Rest on counter for 1/2 hour & pull it.

You will get good bark, tender & juicy meat.

Al


----------



## crankybuzzard (Mar 13, 2017)

Al has it, the butt was still not to the shred point.

Expounding on Al's question, what type of thermometer were you using and where are you probing?


----------



## hillbilly jim (Mar 13, 2017)

I have a MB 44 propane, a Charbroil off set and a Kenmore gas grill. All three of these appliances have factory installed thermometers and none of them are even remotely close.

I installed River Country thermometers on all three of these appliances and I know they're right. The RC therms can be user calibrated prior to installation using the boil test.

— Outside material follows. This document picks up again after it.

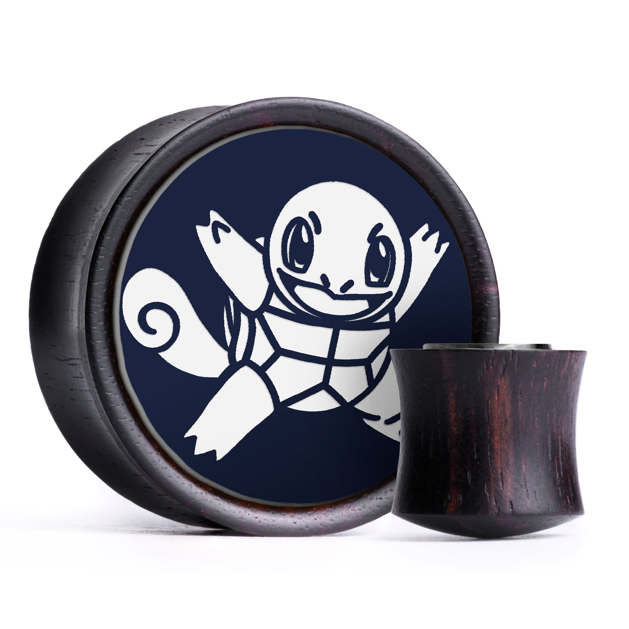 Doppelt ausgestellte Plugs aus Ebenholz mit blauem und weißem Inlay in limitierter Auflage mit Lasergravur Pokémon „Eichhörnchen“

Between the Thermopro probe in the meat and the RC therm in the cabinet, I know exactly what's going on.


----------



## matchew (Mar 13, 2017)

These guys have you covered here. I would test your thermometers.

Good luck!


----------



## GaryHibbert (Mar 15, 2017)

Yep.  What they said.  It just wasn't cooked long enough.  I cook mine (in my MES) at 240 until the stall and then wrap and continue cooking until the IT is 205.  

As said, the most probable culpert was the therm.  Factory therms just are NOT anywhere close to accurate.

Gary


----------



## kanewtz (Mar 20, 2017)

Thermowork Smoke

/end thermometer discussion


----------



## geezer (Mar 20, 2017)

Every factory supplied thermometer I've had experience with has been junk and always placed in the wrong spot.

I use the probes on my Cyber Q and my Thermapen and nothing else.


----------



## tropics (Mar 20, 2017)

He hasn't been back since he posted.Guess we'll never find out what probe

Richie


----------



## dabigbozman (Mar 20, 2017)

Buncha meanies you scared him off


----------



## geezer (Mar 20, 2017)

Dabigbozman said:


> Buncha meanies you scared him off


Hopefully he'll take the info offered up seriously so his next shoulder will be more to his families liking.


----------



## gditys (Mar 21, 2017)

SmokinAl said:


> You should have cooked it longer.
> 
> It wasn't done.
> 
> ...


this is it


----------